I removed the second implementation from the main article (attached below) since the time complexity of lookups appears to be ${\displaystyle \Theta (n)}$ in the worst case, which is much worse than the other implementations. Perhaps this implementation can be re-added if accompanied by an explanation of why this implementation is preferred over the others.

A fully persistent array may be implemented using an array and the so-called Baker's trick.^[1] This implementation is used in the OCaml module parray.ml^[2] by Jean-Christophe Filliâtre.

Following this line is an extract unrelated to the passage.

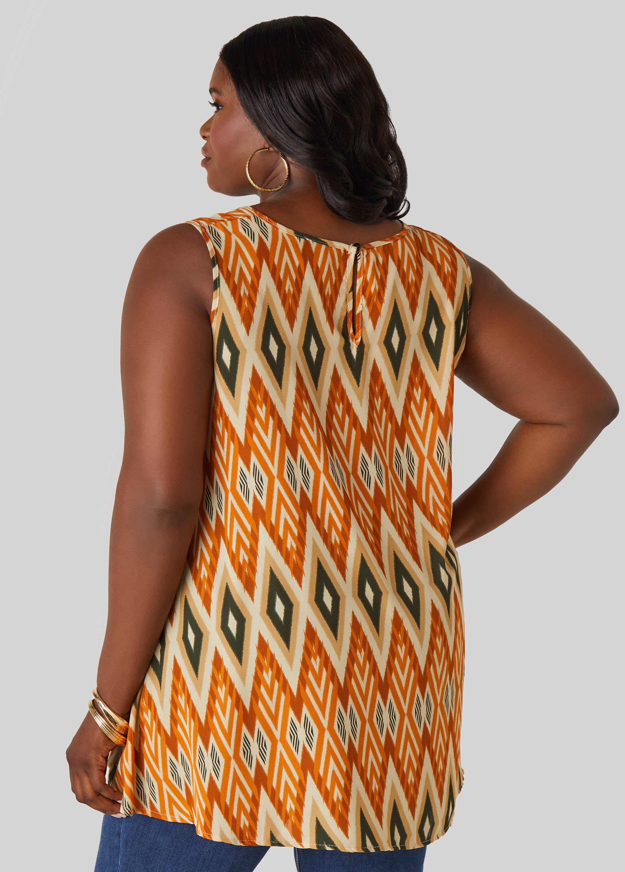 The diamond print of our crepe top add charisma to this warm weather ware complete with a hi-low cut for dimension and coverage.

In order to define this implementation, a few other definitions must be given. An initial array is an array which is not generated by an update on another array. A child of an array ar is an array of the form ar.update(i,v), and ar is the parent of ar.update(i,v). A descendant of an array ar is either ar or the descendant of a child of ar. The initial array of an array ar is either ar if ar is initial, or it is the initial array of the parent of ar. That is, the initial array of ar is the unique array init such that ${\displaystyle \mathrm {ar} =init.update(i_{0},v_{0}).\dots .update(i_{m},v_{m})}$, with ar initial and ${\displaystyle i_{0},\dots ,i_{m}}$ an arbitrary sequence of indexes and ${\displaystyle v_{0},\dots ,v_{m}}$ an arbitrary sequence of value. A family of array is thus a set of arrays containing an initial array and all of its descendants. Finally, the tree of a family of arrays is the tree whose nodes are the arrays, and with an edge e from ar to each of its children ar.update(i,v).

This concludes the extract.